◆ Your assignment: What you return should be only the lines in the entries below between the one holding "Ensemble Table Basse" and the one holding "3. Shift solenoid", ends included, with every picture left out.

◆ Data for review:

------------

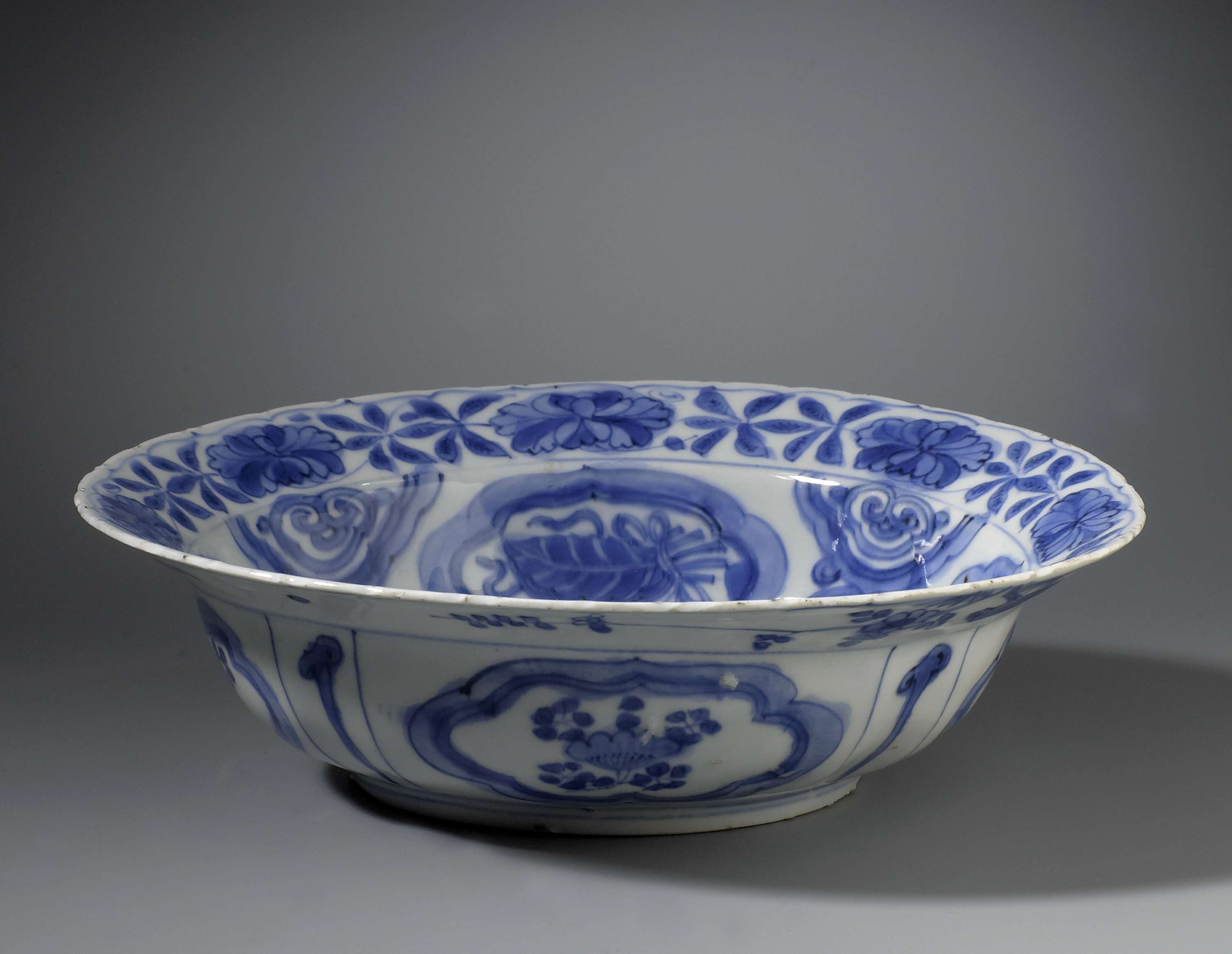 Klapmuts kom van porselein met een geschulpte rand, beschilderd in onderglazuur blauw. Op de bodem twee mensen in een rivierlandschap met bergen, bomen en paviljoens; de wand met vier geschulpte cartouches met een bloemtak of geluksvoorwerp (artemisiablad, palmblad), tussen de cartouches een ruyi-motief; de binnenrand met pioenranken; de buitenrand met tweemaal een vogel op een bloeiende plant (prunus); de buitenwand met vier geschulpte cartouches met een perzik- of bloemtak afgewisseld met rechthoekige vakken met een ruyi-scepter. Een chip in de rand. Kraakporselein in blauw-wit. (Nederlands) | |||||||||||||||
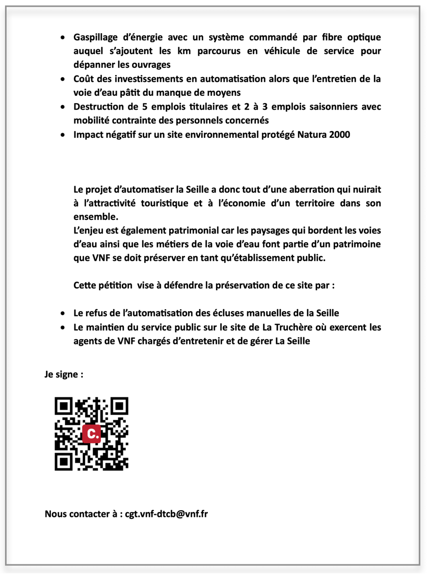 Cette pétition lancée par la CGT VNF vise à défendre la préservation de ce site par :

------------

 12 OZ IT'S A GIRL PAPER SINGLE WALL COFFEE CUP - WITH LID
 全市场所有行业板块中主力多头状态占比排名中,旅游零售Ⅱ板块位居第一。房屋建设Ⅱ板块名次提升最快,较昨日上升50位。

------------

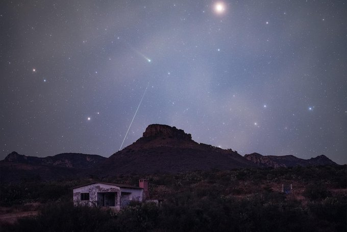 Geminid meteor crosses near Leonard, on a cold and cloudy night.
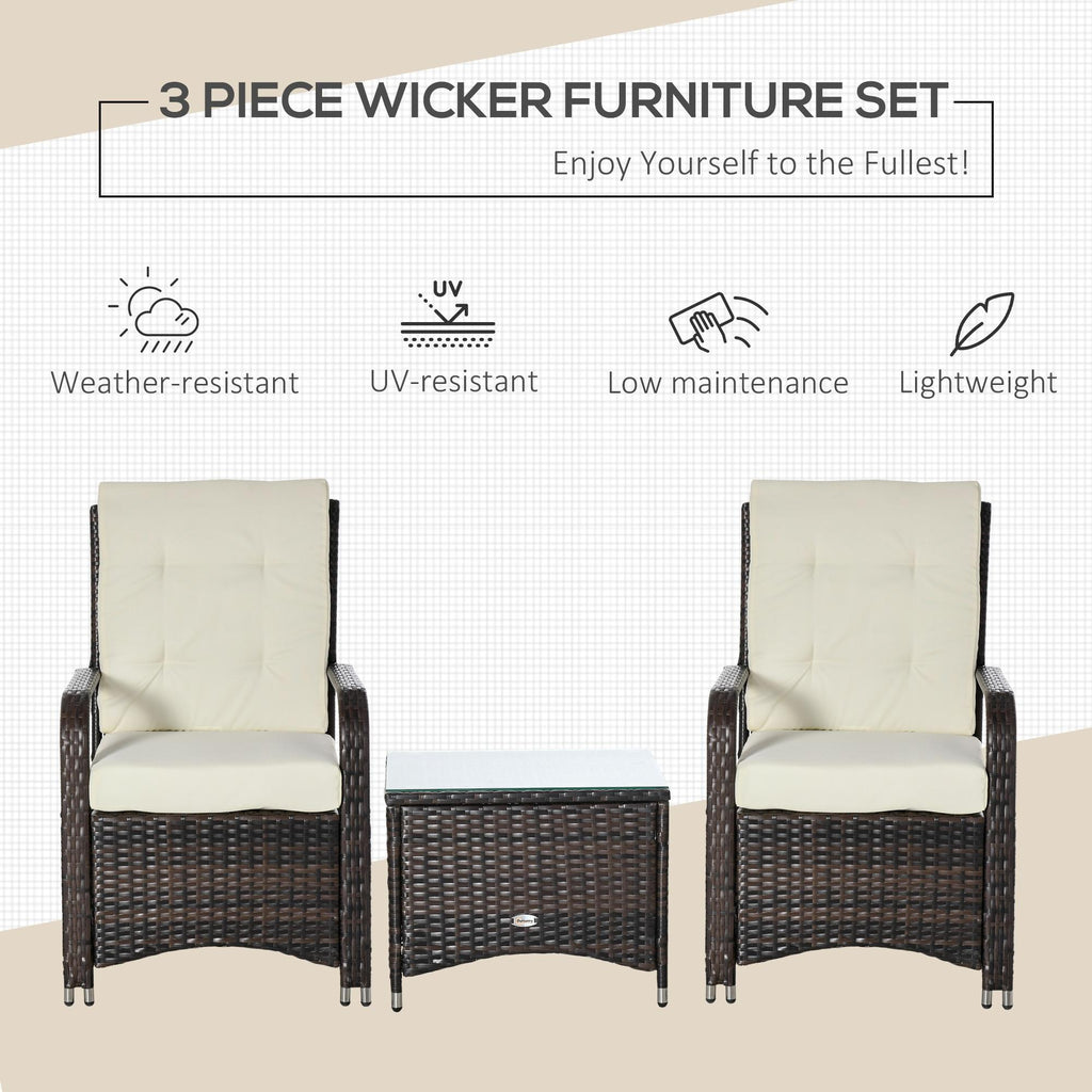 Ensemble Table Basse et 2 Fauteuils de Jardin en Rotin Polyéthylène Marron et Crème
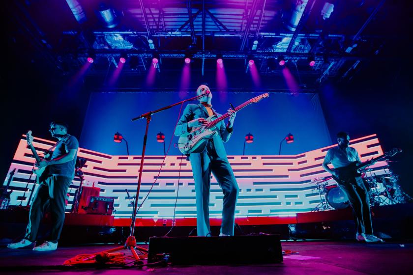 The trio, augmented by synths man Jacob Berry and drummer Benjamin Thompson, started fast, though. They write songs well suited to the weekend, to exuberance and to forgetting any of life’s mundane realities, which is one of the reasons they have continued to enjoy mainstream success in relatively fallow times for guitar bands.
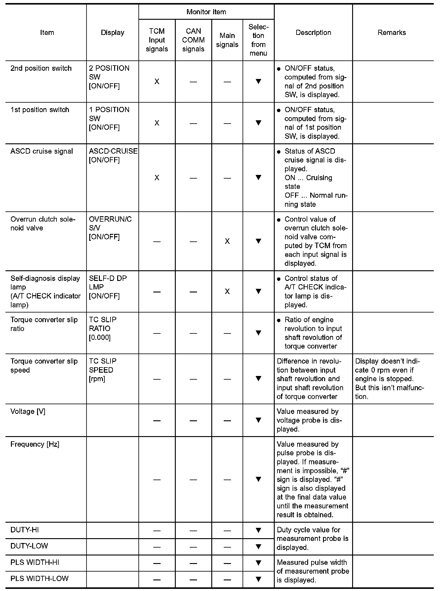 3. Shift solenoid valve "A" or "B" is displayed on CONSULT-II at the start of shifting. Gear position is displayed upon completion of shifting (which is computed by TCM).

------------

◆ Task result:
 Ensemble Table Basse et 2 Fauteuils de Jardin en Rotin Polyéthylène Marron et Crème
 The trio, augmented by synths man Jacob Berry and drummer Benjamin Thompson, started fast, though. They write songs well suited to the weekend, to exuberance and to forgetting any of life’s mundane realities, which is one of the reasons they have continued to enjoy mainstream success in relatively fallow times for guitar bands.
 3. Shift solenoid valve "A" or "B" is displayed on CONSULT-II at the start of shifting. Gear position is displayed upon completion of shifting (which is computed by TCM).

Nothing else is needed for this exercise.